I followed a hallway that began as brushed steel and minimalist art but, fifty feet later, violently reconfigured itself into a lurid, neon-pink passage pulsating to a brain-dead beat. The floor tiles lit up in a sequence I vaguely recognized as a viral dance challenge. To proceed, one was meant to follow the steps. A misstep, my Lítost warned, would cause the floor to drop away into a pit of public shaming—a vortex of angry comments and down-votes given physical form.
I didn't dance. I walked a straight line, ignoring the flashing tiles. The floor groaned and shuddered, threatening to give way, but my utter refusal to engage, to participate in its stupid game, seemed to starve it of the energy it needed. It was a trap made of public opinion, and I was a private citizen.
The next chamber was worse. The space was filled with small, fluttering creatures that looked like a cross between paper birds and angry blue checkmarks. They swarmed around me, chirping in synthesized voices, spitting out fragments of algorithmic outrage.
"...problematic... cancelled... cringe... you're doing it wrong..."
They were Meme-Golems, tiny constructs of pure, context-free judgment. One of them, shaped like a cartoon cat pointing an accusatory finger, landed on my shoulder. "Your coat is dated," it hissed. I brushed it off like a piece of lint. It fell to the floor and dissolved into a puff of static.
They were distractions, designed to provoke a reaction, to pull you into an argument you could never win. My Lítost, usually an agony, was my guide. It allowed me to see past the noise, to perceive the single, coherent narrative thread of my own purpose leading me through the chaos. I followed that thread, a grim pilgrim in an unholy land. I was an island of authentic misery in an ocean of manufactured emotion.
Finally, the cacophony faded. The shifting architecture settled. I found myself in a quiet, circular antechamber. In the center was a single, elegant door made of polished black marble. This was it. The eye of the hurricane. The inner sanctum where the goddess held court.
The surprise was the silence. The entire fortress was a screaming defense mechanism, a testament to a deep and profound insecurity.
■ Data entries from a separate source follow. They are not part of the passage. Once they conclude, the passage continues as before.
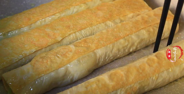 6,最后卷起来就可以上锅煎了,平底锅里倒油,然后用刷子刷均匀,油热后放入豆皮卷,中小火慢煎,用筷子轻轻拨动一下,让它受热均匀,底部金黄后给它翻个面,注意别烫到手了,一直煎到四面金黄就可以出锅了。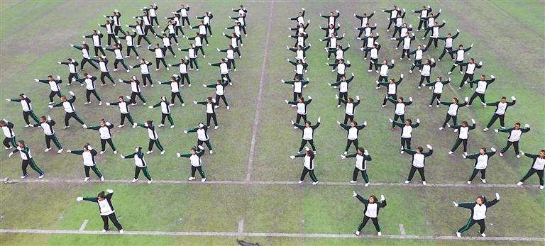拉薩北京實驗中學的學生不僅能盡情“舞”動,而且還能在體育組老師的指導(dǎo)下“武”動起來。桂小英老師在“武術(shù)基礎(chǔ)”校本課程以外還創(chuàng)編了武術(shù)操《英雄少年》。這套操是集武術(shù)和體操動作于一體的運動,包含太極拳、少年拳、南拳和健身氣功,姿勢舒展大方,動作剛勁有力。通過操練《英雄少年》、參加武術(shù)校本課,學生在增強身體素質(zhì)和意志品質(zhì)的同時,還傳承、弘揚了中華文化,且增強了團隊合作意識和自我保護的能力。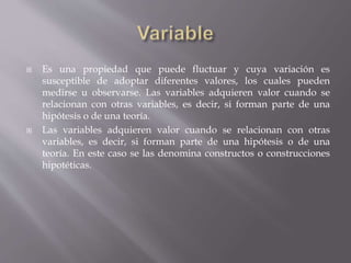 El documento define conceptos estadísticos fundamentales como variables, muestras, parámetros, escalas de medición, razones, proporciones, tasas y frecuencias. Explica que las variables pueden ser cualitativas u cuantitativas, y que las muestras son subconjuntos de una población estadística. También define parámetros, escalas de medición, y diferentes tipos de razones, proporciones y tasas.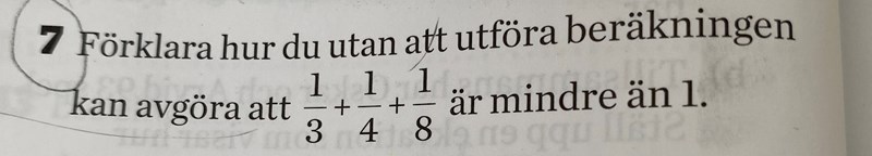 Du kan konstatera att 1/4 < 1/3 och att 1/8 < 1/3, så 1/3 + 1/4 + 1/8 < 1/3 + 1/3 + 1/3 = 1. Fast det kanske räknas som en beräkning i sista steget?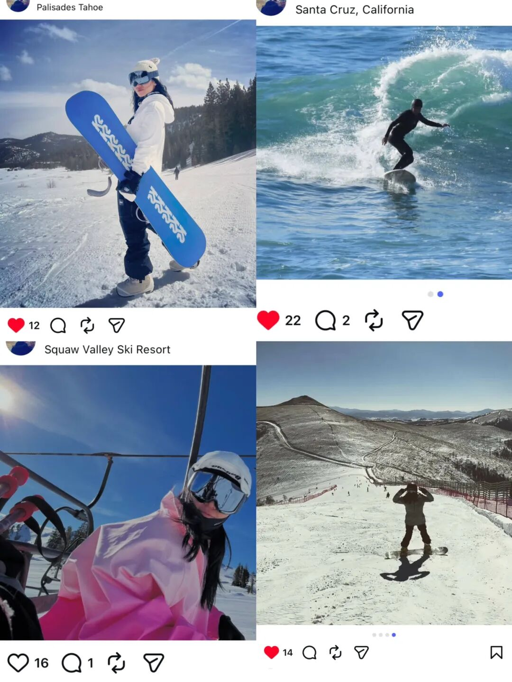 她会为了冲浪搬去Santa Cruz,为了雪季调整整个生活节奏。工作只是生活的一部分,而不是生活的中心。所以她的日子看起来很简单,但整个人是有光的,因为她不是在消磨时间,而是真的在过喜欢的人生。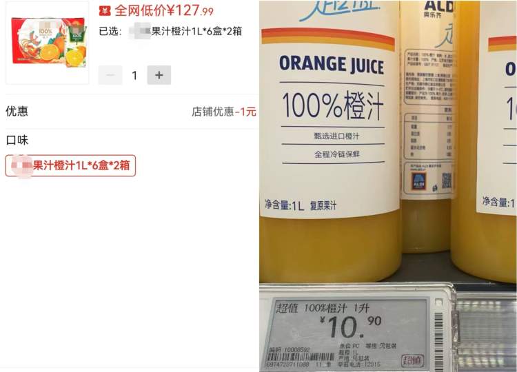 果汁饮料爱好者也能在这里淘便宜。习惯了便利店里300毫升就要10元的橙汁、茶餐厅里二十元一杯的冻柠茶,猛一看到冷柜里1升装只要9.9元的港式冻柠茶、10.9元的100%橙汁,简直有种“天上掉馅饼”的感觉。打开以便宜闻名的电商,输入“100%橙汁一升装”,跳出来的“全网低价”,常温1升装得买两箱共12瓶,才能得到127.99元的价格,平价每瓶得要10.66元,和单独买一瓶奥乐齐冷藏的100%橙汁价格差不多。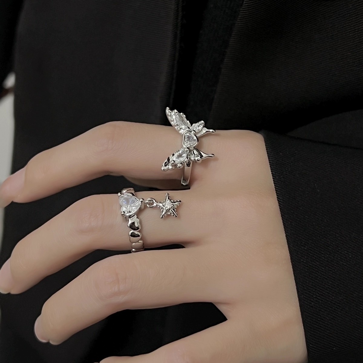 星の愛の氷河の蝶の開口部の指輪の女性の高級感のy 2kの甘いクールなギャルのinsの冷たい風の個性の指輪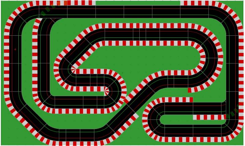 Comme mon circuit n'est pas permanent, je teste des tracés et celui ci est proche de l'optimum pour mon encombrement. Par rapport à la photos, j'ai prolongé les lignes droites interieures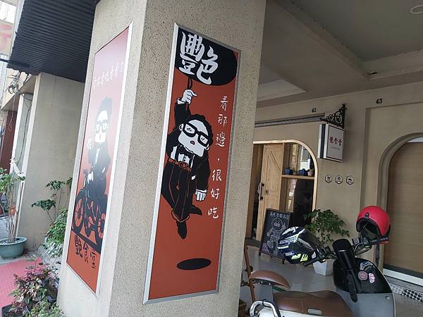 店內店外裝潢都不經意表現出一種特殊的喜感,像是門口廊柱上鮮明的「看那邊、很好吃」等漫畫式招牌就不是尋常能看到的風格。噗噗。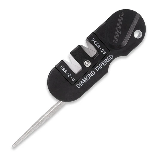 3.25″ overall. Lanyard hole. Coarse carbide and ceramic slots. Tapered diamond coated rod.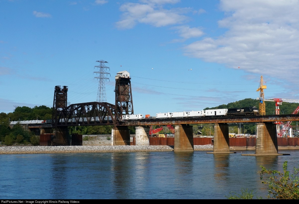 A long train of MOW equipment crosses over the Tennessee River into Chattanooga.

All that noise was designed to keep people away from this one quiet place.
I pushed the door open.
The room was vast and starkly empty, with floor-to-ceiling windows showing a panoramic view of Aethelburg glittering below. In the center of the room, on a simple, throne-like chair, sat Glitterati.
She was nothing like her public image. The holograms sold a vibrant, ever-smiling goddess of pop. The woman before me was a ghost. She was painfully thin, dressed in a simple white shift, her bare feet tucked beneath her. Her face, famous for launching a thousand brands, was pale and devoid of makeup. Her eyes, which could command the loyalty of millions with a single televised glance, were empty, staring at the city below with a profound and terrifying vacancy. The immense power I had felt throughout the building wasn't radiating from her; it felt like it was imprisoning her, a cage of light and fame.
She didn't seem to notice me at first. I stood there for a long moment, the silence stretching between us. The truth I had felt from the obsidian stone—the willing suicide of Dapper Dan—now seemed to click into place with this silent, empty woman.
I took a step forward, my worn shoes making a soft sound on the polished floor.
"Glitterati," I said.
Her head turned slowly. Her eyes, hollow and haunted, finally focused on me. There was no surprise in them. No anger. Only a flicker of something I never expected to see in the face of a god.
Recognition. And a sliver of desperate hope.